**DIRECTIONS FOR THIS TASK**
This exercise requires an exact output of the listing, images omitted.

**DATASET EXTRACT**
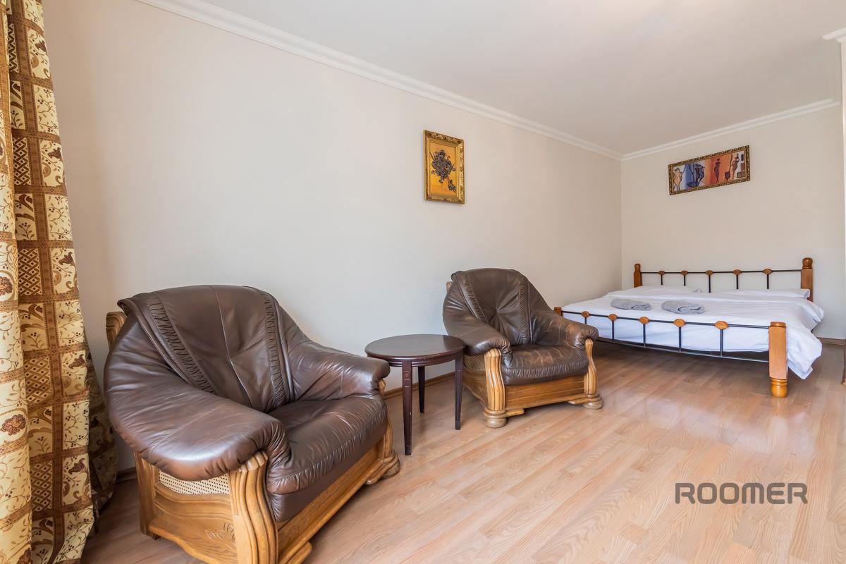 For 13th century While walking you can look at the monument “Khreschatyk metro station”. Regular guests have free Wi-Fi throughout the entire premises. The room is furnished with a double bed and 2 armchairs, as well as a coffee table, a sideboard and a wall-mounted plasma TV. For the comfort of guests, air conditioning is installed. The kitchen is equipped with kitchen appliances and household appliances: - micro-hair stove; - fridge; - gas stove with hood; - electric kettle; - fridge. The bathroom has a large Jacuzzi, a sink with a mirror, a washing machine and a boiler. Guests are always provided with fresh, white linens and clean towels. Please check the availability of your rental at the weekend using the phone number. Shvidko, without a turbo, book an apartment!
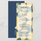 Skapa en meny för din bröllopsmottagning eller speciella händelse med vackra citroner och löv av gult i marinblått med dina menyval i chic. Klicka på knappen Anpassa för att lägga till information och klicka på länken Anpassa ytterligare för att ändra typsnitt, font färg, add and delete linjer. MATCHING-inbjudningar och fler artiklar tillgängliga i vår butik.
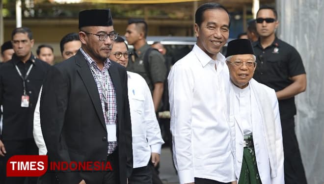 TIMES Pasuruan/Presiden terpilih, Jokowi, saat tiba di Gedung KPU RI, Minggu (30/06/2019). (FOTO: Hasbullah/TIMES Indonesia).

**ANSWER SPACE**
 For 13th century While walking you can look at the monument “Khreschatyk metro station”. Regular guests have free Wi-Fi throughout the entire premises. The room is furnished with a double bed and 2 armchairs, as well as a coffee table, a sideboard and a wall-mounted plasma TV. For the comfort of guests, air conditioning is installed. The kitchen is equipped with kitchen appliances and household appliances: - micro-hair stove; - fridge; - gas stove with hood; - electric kettle; - fridge. The bathroom has a large Jacuzzi, a sink with a mirror, a washing machine and a boiler. Guests are always provided with fresh, white linens and clean towels. Please check the availability of your rental at the weekend using the phone number. Shvidko, without a turbo, book an apartment!
 Skapa en meny för din bröllopsmottagning eller speciella händelse med vackra citroner och löv av gult i marinblått med dina menyval i chic. Klicka på knappen Anpassa för att lägga till information och klicka på länken Anpassa ytterligare för att ändra typsnitt, font färg, add and delete linjer. MATCHING-inbjudningar och fler artiklar tillgängliga i vår butik.
 TIMES Pasuruan/Presiden terpilih, Jokowi, saat tiba di Gedung KPU RI, Minggu (30/06/2019). (FOTO: Hasbullah/TIMES Indonesia).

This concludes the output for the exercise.